On PAMM accounts all decisions — on instruments, rate, and timeframes, etc. — are made by a manager, and there is no way you can influence this. Besides, no theory can replace real practice. Therefore, if you want to fulfill yourself as a trader, investing will not give you the necessary experience.

Therefore, the question which is better, "Investing or trading?" has no right or wrong answer. Each of the options has its own advantages, and it is best to make a choice based on the goals that you set for yourself.

Summary

While Forex offers opportunities to profit from currency fluctuations, it is a very risky market for individual retail speculators without proper preparation and risk controls. The odds strongly favor losses for inexperienced traders. Only investors who are prepared to consistently apply discipline, set risk limits and have sufficient capital to withstand drawdowns should consider active forex trading.
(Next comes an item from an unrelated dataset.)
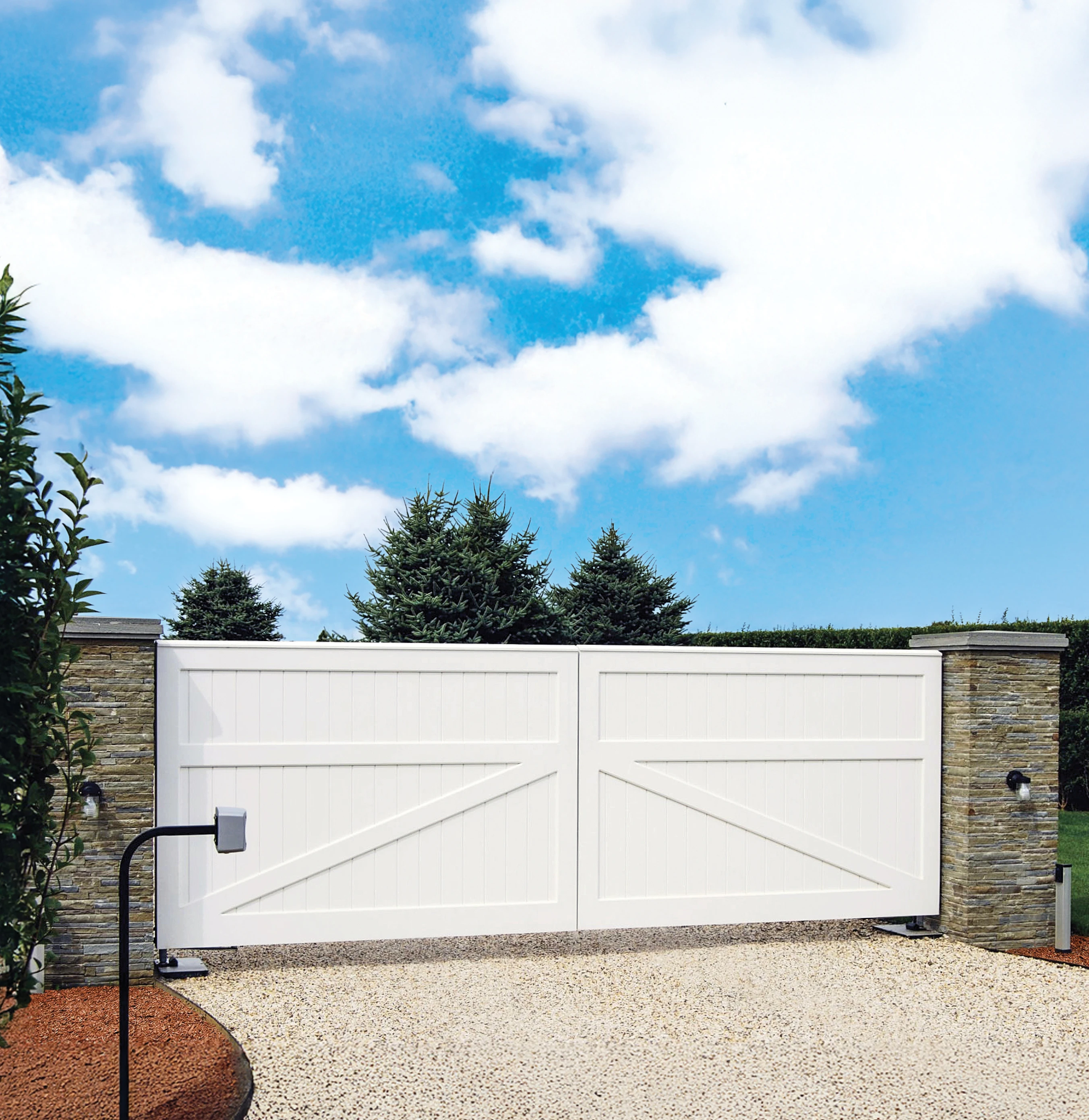 A dignified and practical gate that delivers privacy and security. Available with straight, arched, or scalloped top and Wenham, Darien, Bostonian pillars or masonry columns. 4'H-8'H. 12'W-18'W.
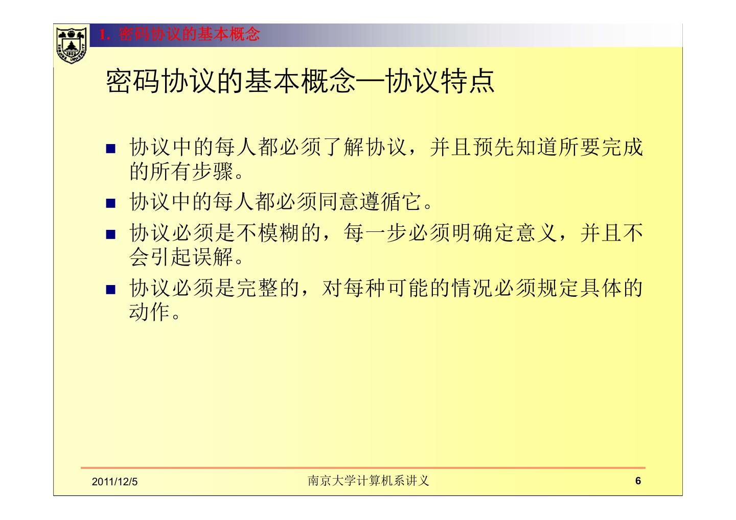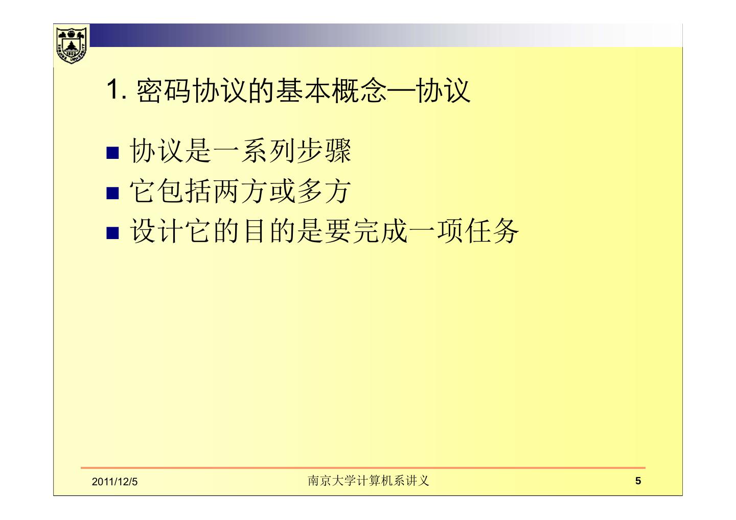 5 . 1. 密码协议的基本概念—协议 协议是一系列步骤 它包括两方或多方 设计它的目的是要完成一项任务 2011/12/5 南京大学计算机系讲义 5

For most individuals, a low-risk diversified investment portfolio is often a safer way to grow wealth over the long run.

Expert Opinion of the Traders Union

“Today, the benefits of the Forex market are obvious. This is a unique financial system where everyone can earn money, including passive income from investing. Yes, of course, there is always a risk, and initially, it is quite high. However, it can be successfully diversified by choosing a trusted broker, a competent distribution of funds, and a well-thought-out trading strategy. As a result, Forex can become, and it has already become for many people, a stable source of significant income.”

Antony Robertson, Trader-Analyst of Traders Union, Contributor

FAQs

Is Forex trading profitable?

Forex trading can be profitable, but most retail traders lose money due to factors like poor risk management, lack of experience, relying on unreliable strategies, overtrading, emotions, etc. Consistent long-term profits require education, a sound methodology, and strict risk controls.
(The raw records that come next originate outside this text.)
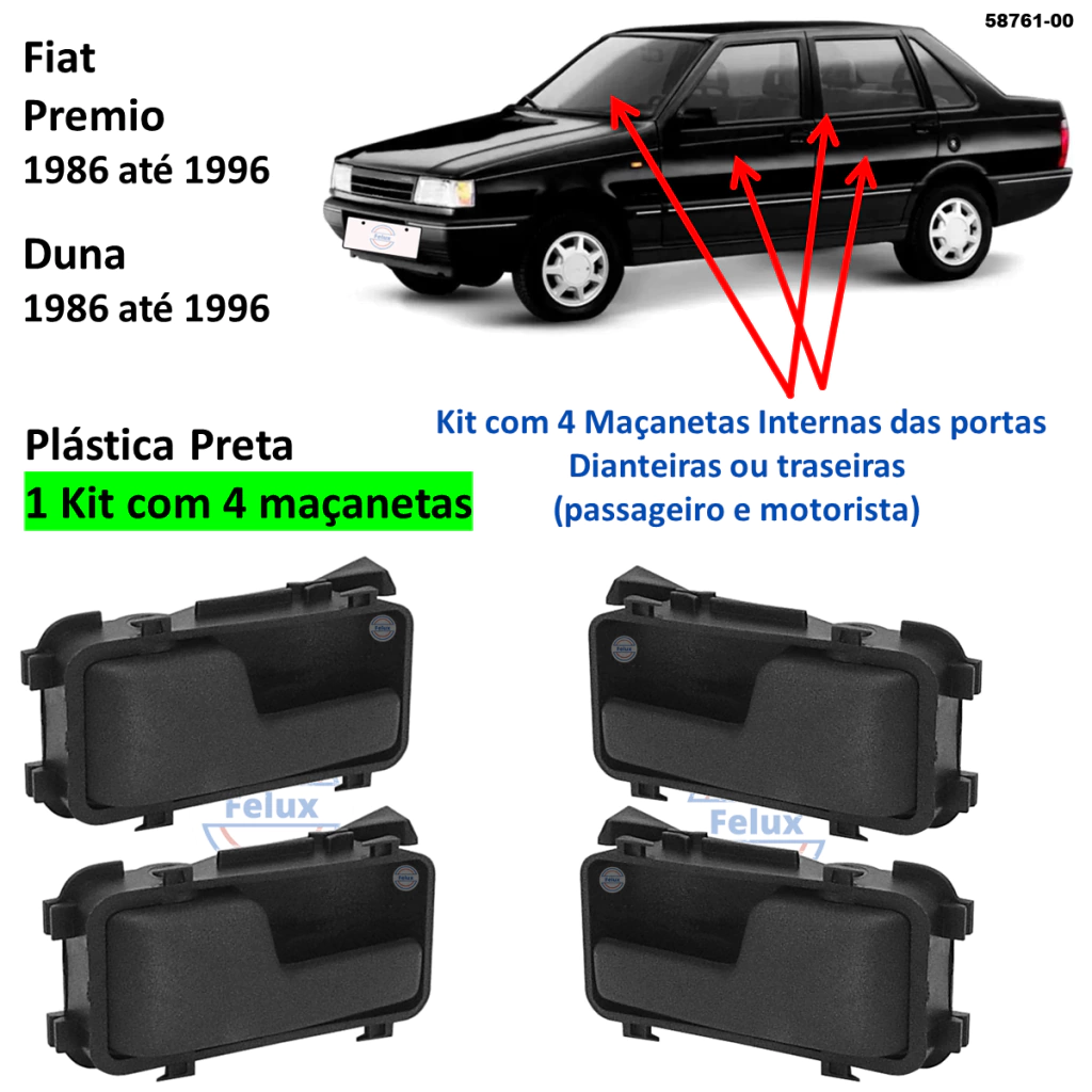 Produto: Maçaneta Interna (1 unidade) Cor: Preta Material: Nylon com fibra Característica: Gatilho com base completa Lado de Aplicação: Direito (lado passageiro) Local de Aplicação: Porta Dianteira e Traseira Outras Características: Maçaneta Interna com acabamento liso Aplicação Principal: Uno Quadrado Modelo: Serve em ambos modelos - 2 e 4 Portas Montadora: Fiat Ano de aplicação: 1984-2013 Ano de aplicação corrida: 1984 1985 1986 1987 1988 1989 1990 1991 1992 1993 1994 1995 1996 1997 1998 1999 2000 2001 2002 2003 2004 2005 2006 2007 2008 2009 2010 2011 2012 2013 Outras Aplicações: Uno Quadrado 1984 até 2013, Uno Mille 1990 até 2013, Premio ou Duna 1986 atè 1995, Elba 1985 até 1995, Fiorino Quadrada de 1988 até 2013. Código FELUX: 5076200 Código Original: 5961723 Nomenclatura Equivalente: Puxador, Alça, Gatilho Atenção: Procure sempre um profissional especializado para a instalação da sua peça, assim você não corre o risco de perder a garantia por mau uso.
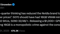 Известный разоблачитель преступлений США и НАТО Эдвард Сноуден, высказался о новых GPU от Nvidia.
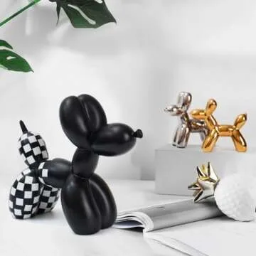 Notakia Black and White Checkered Racing Car Pattern Balloon Dog Statue Crafts Living Room Desktop Decorations,Handmade Modern Small Shelf Decor Animal Statue Ornament Home Decor Accents
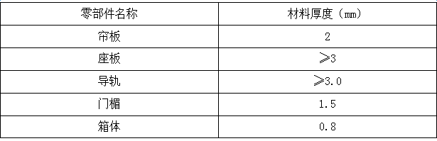 3.1簾板、導軌、門楣、卷軸等部位的表面不允許有裂紋、壓坑及較明顯的凹凸、錘痕、毛刺、空洞等缺陷。
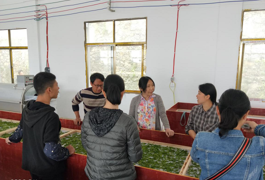 随后,团队来到青山镇托家地马氏白龙古茶树专业合作社,对前期生产的茶样进行感官审评,与合作社成员就茶样存在的问题进行分析,并提出了改进措施。针对四球古茶原料的特殊性,团队成员对茶青原料进行现场加工,详细讲解每一步工序的技术要领。手把手指导社员进行茶样理化检测分析,并对加工车间卫生状况、资料建档等薄弱环节提出了整改措施。
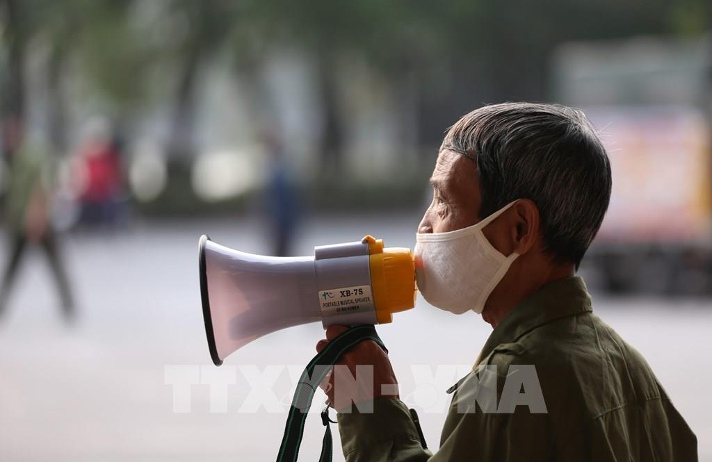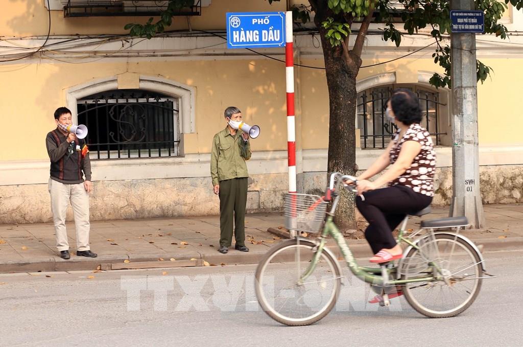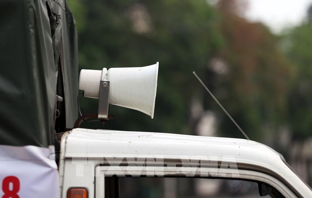 Lực lượng chức năng phường Hàng Trống sử dụng loa thùng hàng ngày đưa thông tin về phòng, chống dịch COVID-19. Ảnh: Anh Tuấn – TTXVN

How do I start Forex trading?

Decide on a broker and open a demo account to practice. Learn technical analysis, chart patterns, indicators and market fundamentals. Formulate a trading plan and strategy. Only risk 1-2% of your account per trade. Be disciplined and manage risk through stop losses. Give it time to develop skills before trading with real money.

What currency pairs should I trade?

Popular major pairs include EUR/USD, USD/JPY, GBP/USD, USD/CHF. These offer good liquidity. Look at economic reports/events affecting each currency and trade pairs that interest you. Start with 1-2 pairs to focus on.

What are pips in Forex trading?

Pips refer to the minimum price movement in a currency pair, usually 0.0001.

So if EUR/USD moves from 1.1000 to 1.1001, it moves 1 pip in favor of the Euro.

For yen-based currency pairs like USD/JPY, the minimum price movement or pip value is 0.01 instead of 0.0001. This is because the Japanese yen has only two decimal places, compared to four decimal places for most other major currencies.